4 minute read

Review: Devendra Banhart - MA, Fatima Jafar

devendra banhart - ma devendra banhart - ma devendra banhart - ma devendra banhart - ma devendra banhart - ma

by Fatima Jafar

Advertisement

After many recurrent listens on the tube, in my bedroom, and on a plane over an ocean, Ma— the newest album of Venezuelan-American artist Devendra Bahnart— now comfortably sits in the position of being my favourite out of all of his works. The album, released in September 2019, is a confident and unwavering expression of love and grief, of mourning and reverence, that does not shy away from jumping into the sticky puddles of unending sadness or compassion that are often so hard to navigate, let alone verbalise. Banhart manages to write and compose thirteen songs that each seem to celebrate and lament various slices of the experiences of growing older, facing the deaths of friends and family members, and wanting to have a family— and a home— of one’s own.

The album begins with ‘Is This Nice?’, a song that juxtaposes plucky guitars, swelling violins and Banhart’s crooning vocals to open up the album with a deeply self-assured pace, sampling John Lennon’s ‘Beautiful Boy’ to create a lullaby-like rhythm that sets the scene for the themes of parenthood and nostalgia that continue throughout the album. In ‘Memorial’, Banhart’s eerie vocals seemingly echo in a hollow, sacred space as he sonically carves out a solemn elegy for a loved one who has died, using the tune of Leonard Cohen’s ‘One of Us Cannot Be Wrong’ as a backbone for approaching the theme of death. Banhart sings “I know it don’t work that way/But maybe you’ll come back some day”, encapsulating the sense of disbelief that comes with a life being cut short, and the inability to comprehend how death cuts through linear time with such a jarring stroke. In frequently referencing other artists throughout this album— from John Lennon and Leonard Cohen to Carole King in ‘Taking a Page’, Banhart imbues each song with a kind of authority and timelessness that bleeds throughout the album: we begin to understand that the themes Banhart covers in his songwriting are universal ones; emotions that countless artists have explored 8

before, and Ma exists as a reverent, heartfelt extension of their artwork, a pastiche built upon the varied layers of art that Banhart has experienced and enjoyed throughout his life.
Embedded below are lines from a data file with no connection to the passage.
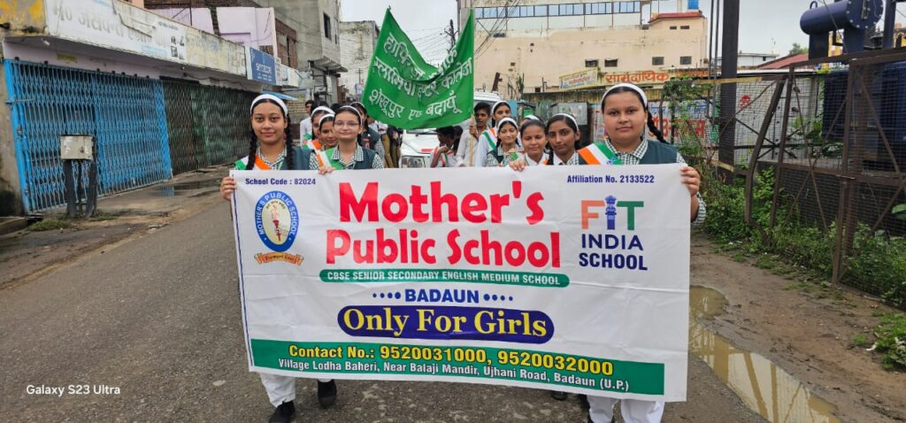 बदायूँ। उझानी रोड स्थित मदर्स पब्लिक स्कूल में शासन स्तर पर मिले निर्देशानुसार यातायात के नियमों के प्रति जागरूकता अभियान चलाया गया। सड़क सुरक्षा पखवाड़ा कार्यक्रम के अंतर्गत विद्यालय से बालाजी मंदिर तक जागरूकता रैली निकालते हुए लोगों को यातायात नियमों के प्रति जागरूक किया गया। इस दौरान स्कूली छात्राओं ने हेलमेट का प्रयोग न करने वाले लोगों को सड़क पर रोक – रोक कर जागरूक किया। “एक बाइक दो सवार, हेलमेट है उनकी पहचान…, वाहन धीरे चलाएं, अपना और अपनों का जीवन बचाएं…, धीरे चलें, सुरक्षित चलें… आदि नारों के साथ हाथों में पोस्टर लिए छात्राओं ने लोगों को यातायात नियमों का पाठ पढ़ाया। मौका था सड़क सुरक्षा के तहत निकाली गई प्रभातफेरी का। पखवाड़े में छात्राओं के साथ-साथ ड्राइवरों को यातायात सुरक्षा की शपथ ग्रहण कराई गई। विद्यालय में छात्राओं को यातायात नियमों से अवगत कराते हुए बताया गया कि जब तक उम्र 18 वर्ष ना हो और लाइसेंस न बन जाए तब तक वाहन चलाना कानूनन अपराध है।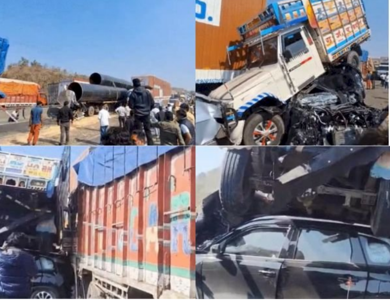 एक के बाद एक भिड़े 7 वाहन, महू में मचा हड़कंप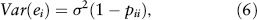 The direct implication from this residual property is that although the error terms are independent, the residuals are not. In addition, residuals resemble only estimates of the true and unobservable error terms and as such do not have the same variance σ2, as implied in Equation 4. The variance of the ith residual is defined as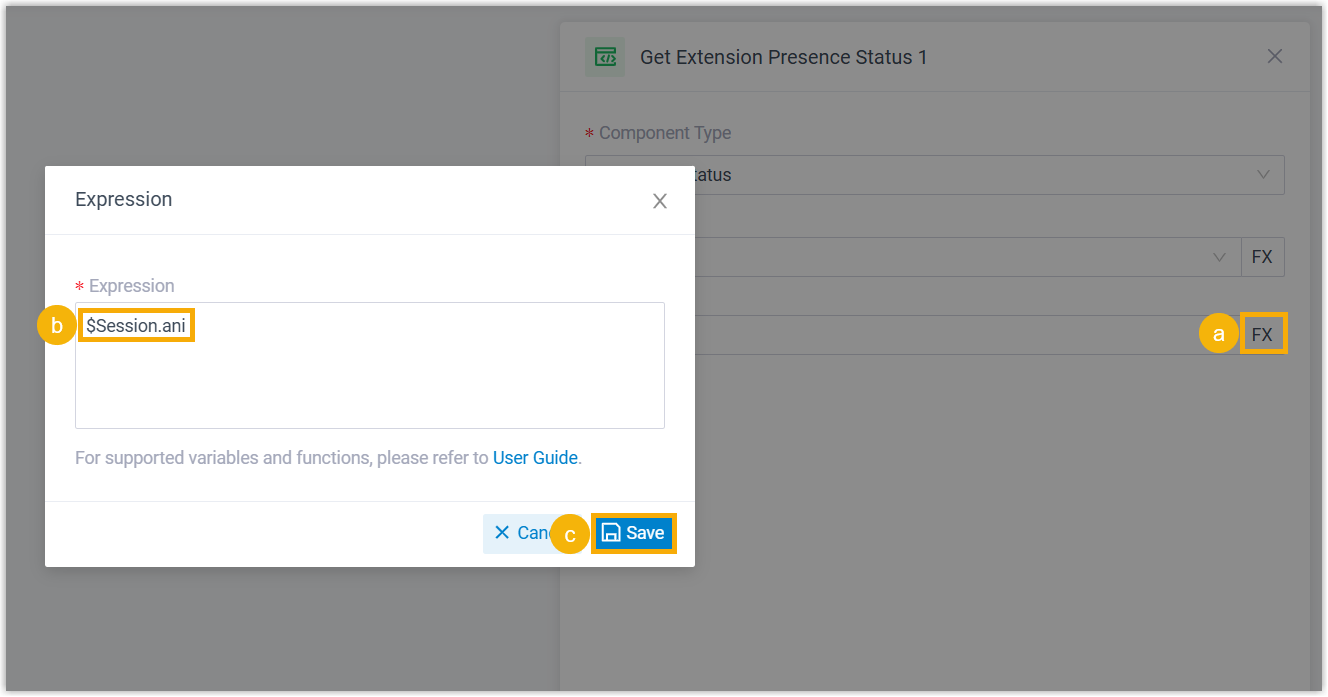 Note: For more information about the expression, see Variables and Functions in Cloud Voice Expression.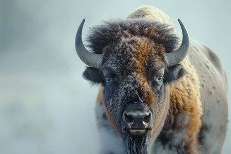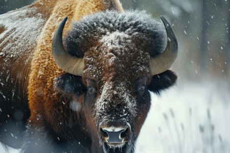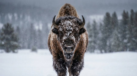 Imposing Bison Portrait: Snow-Covered Majesty in the Wild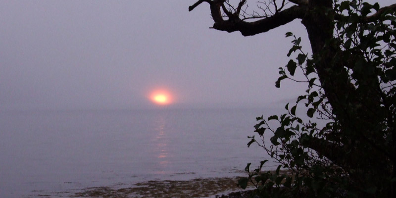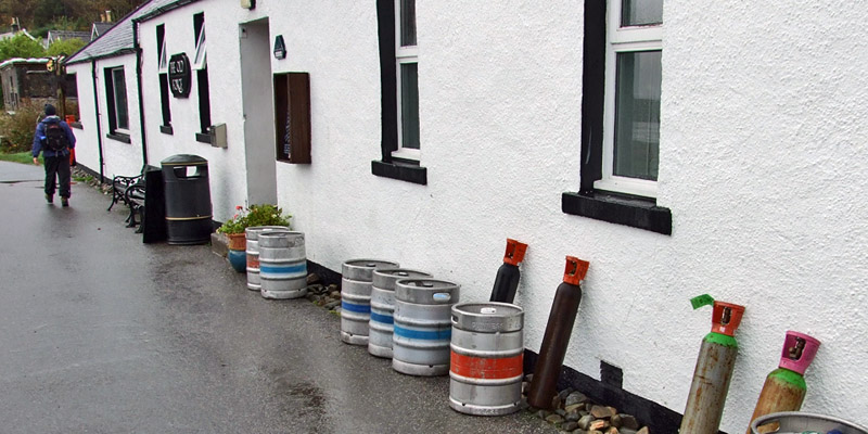 The sun, absent all day, shows as a dying ember as we head back to the Old Forge for dinner and pints. It's quieter than last night,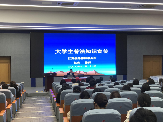 赵爽从宪法的基本知识、大学生刑事法律风险防范、大学生就业与实习、消费者权益保护以及律师建议等五个方面展开,梳理了国家根本大法《宪法》的内容框架,让同学们深刻理解了《宪法》的法律地位和特点,深入了解了国家宪法日的意义。讲座中,赵爽对刑事责任年龄、正当防卫、消费者权益等相关内容进行了详细讲解,结合社会以及校园生活中的具体案例,分析了目前大学生犯罪的原因,让同学们切实领会到法律知识缺失、法律意识淡薄的潜在危害性;对于未来的实习和就业可能存在的法律纠纷、如何维护自己的消费者权益等,赵律师也给出了专业的意见和建议。最后就大学生如何避免犯罪,赵律师从正确的价值观树立、身心健康塑造、法律知识学习以及必要时积极寻求援助等方面给出了指导建议。两个小时的讲座同学们专注投入,取得了良好的教育效果。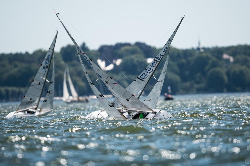 Schweriner See – Packende Zweikämpfe, taktische Raffinesse und am Ende ein Berliner Triumph: Die Crew der R 1455 Aquaholic mit Steuermann Ralf Jambor, Thomas Bechert und Bootsbaumeister Martin Herbst (alle TSG 1898) hat sich bei der German Open 2025 der 20qm Jollenkreuzer souverän den Gesamtsieg gesichert!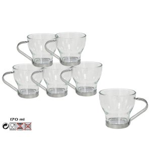 •Sada 6-dielnych 170ml kávových šálok. • Vyrobené z veľmi lesklého odolného skla. • Rukoväte vyrobené z nerezovej ocele s vysokou životnosťou a odolnosťou. •Nie je vhodný do umývačky riadu ani mikrovlnnej rúry. …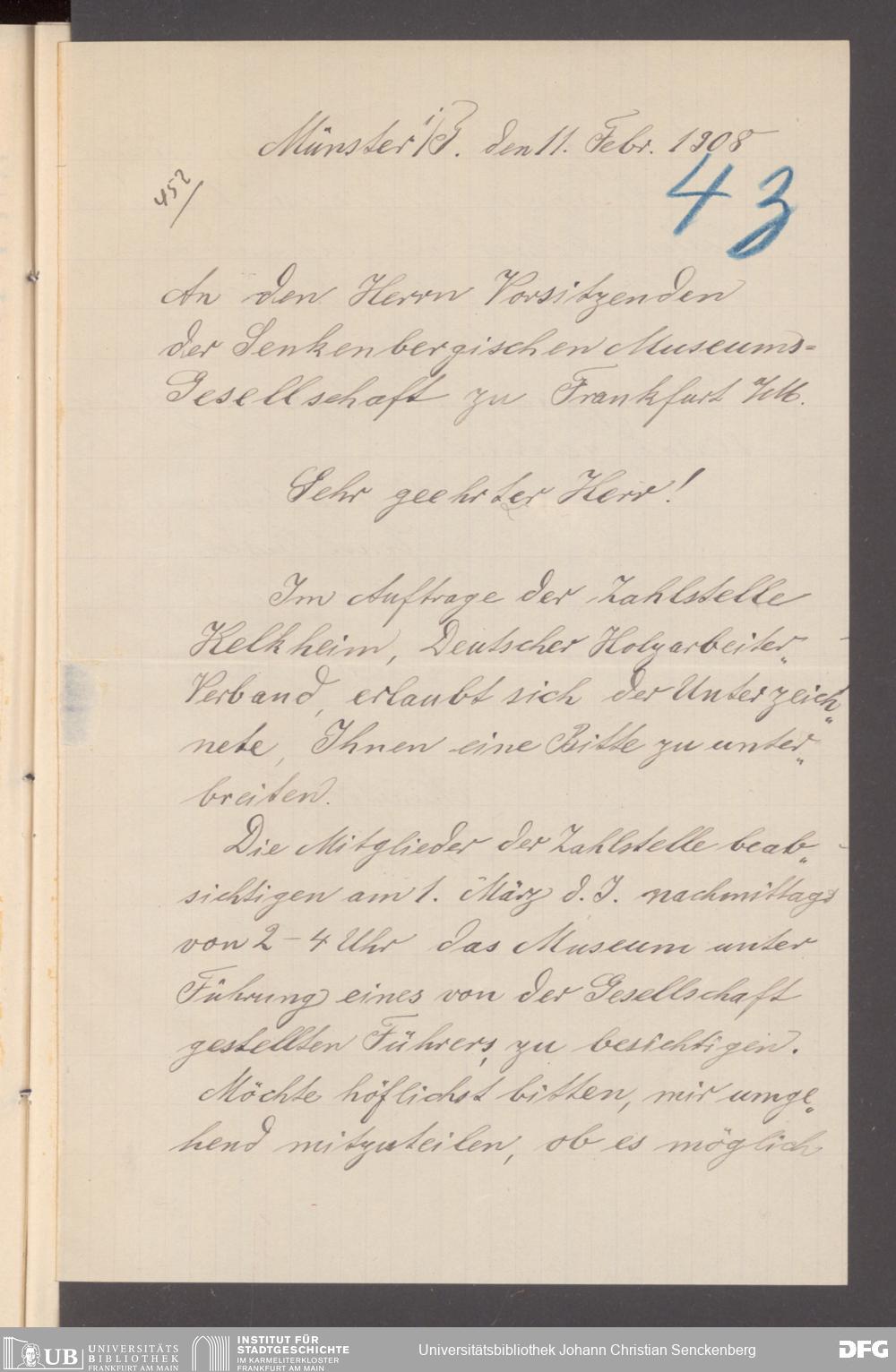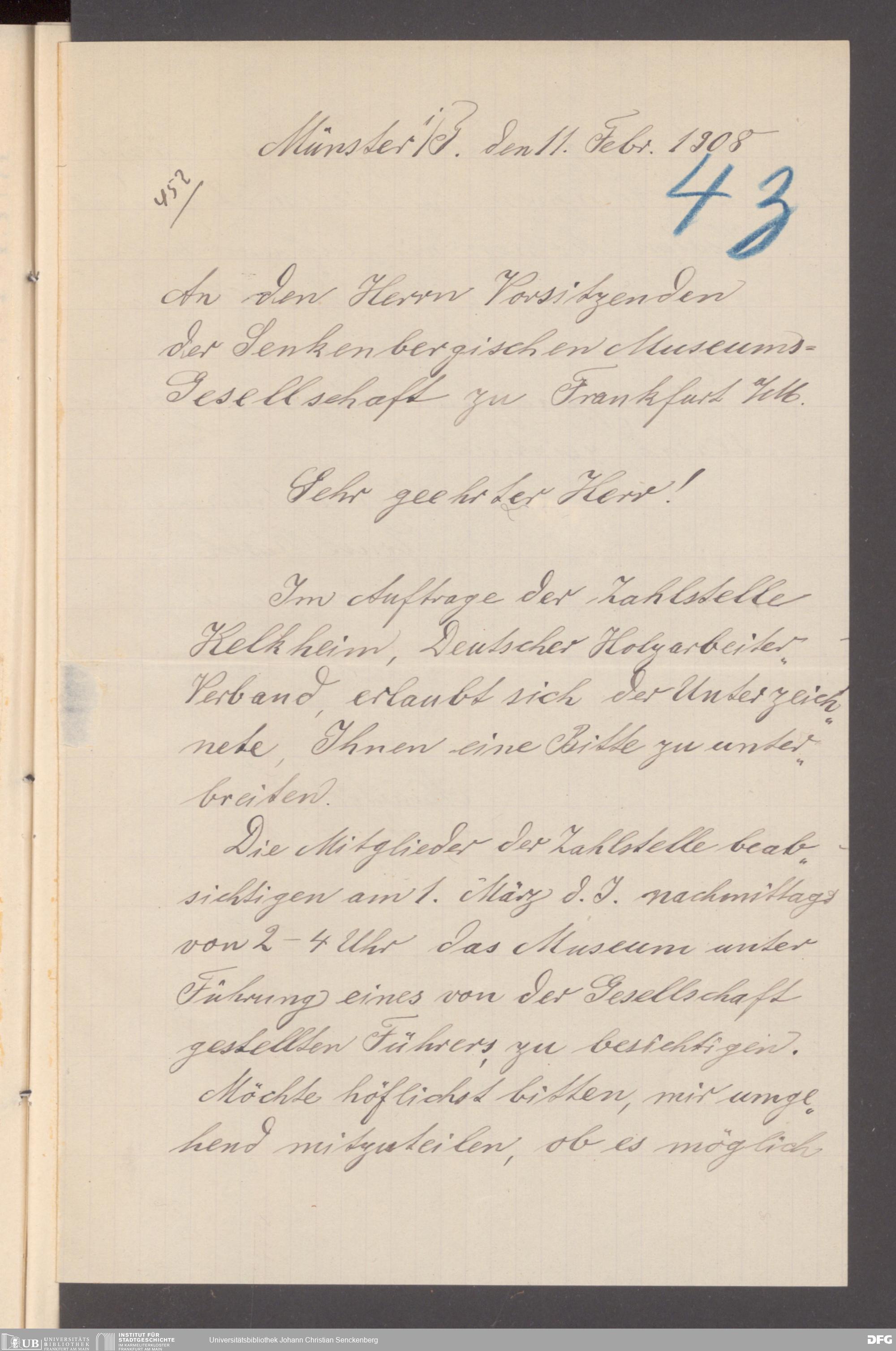 V176 Senckenberg Gesellschaft für Naturforschung, 355 - Anfragen zum Besuch des Senckenbergmuseums, Bd. 1

The album is punctuated with lighter elements as well, such as in ‘Love Song’, where Banhart masterfully fashions a dream-like ode to falling in love. The horn arrangements and smooth rhythm are so fluid and effortless— the song shimmers, and slickly glides on as he sings “love like falling, without ever landing/… this is that feeling”. Banhart is in love with the feeling of falling in love, and constructs this song to commemorate that glittering sentiment. For me, the climax of the album is in ‘Taking a Page’, which bursts at the seams with the ironic phrases and vivid imagery that are typical of his work. His voice quivers with excitement as he asks ‘Do you ever think that colours say/Hey! Who’s your favourite human?’”. His wide-eyed curiosity bleeds into wry irony as he pokes fun at himself and the act of political performance, singing emphatically ‘I’m in my ‘Free Tibet’ shirt that’s made in China!’.

Banhart explores the tensions between emotions like unrequited love, sadness, anger— which seem universal, important, almost holy— and the constant presence of neoliberal capitalism in our lives today when he writes “All the death in my house makes it easy to shop online/Where the signal is strong, and the tech flows like wine”, in ‘Kantori Ongaku’. As Banhart tries to work through these visceral experiences of human life, he sits inside the confusing space between the primordial and modern: he writes “talking to an entity, made of endless night/I dream in TV dialogue, a world of shadow and light”— he is trying to understand these big, swelling relationships humans have with love, death, and God, in the context of an online world. Ma unfurls slowly, forgivingly, with each passing song, opening up gradually to the listener as Banhart dives deeper into his internal world. As I listen to this album more, it begins to feel increasingly personal, like a gift directly from Banhart’s hands to my own. The intimacy of many of his songs, and the way he writes emotion so unblushingly, is increasingly refreshing to hear. On his bandcamp, Banhart writes “Ma means ‘mother’ in pretty much every language. The album is kind of everything I would say to a child”. The album definitely feels like a celebratory cataloguing of human life, an almanac for growing older, intricately and tenderly composed by Banhart and left somewhere hidden, secret, for the listener to find and pick apart endlessly— whether on the tube, in a bedroom, or on a plane over an ocean.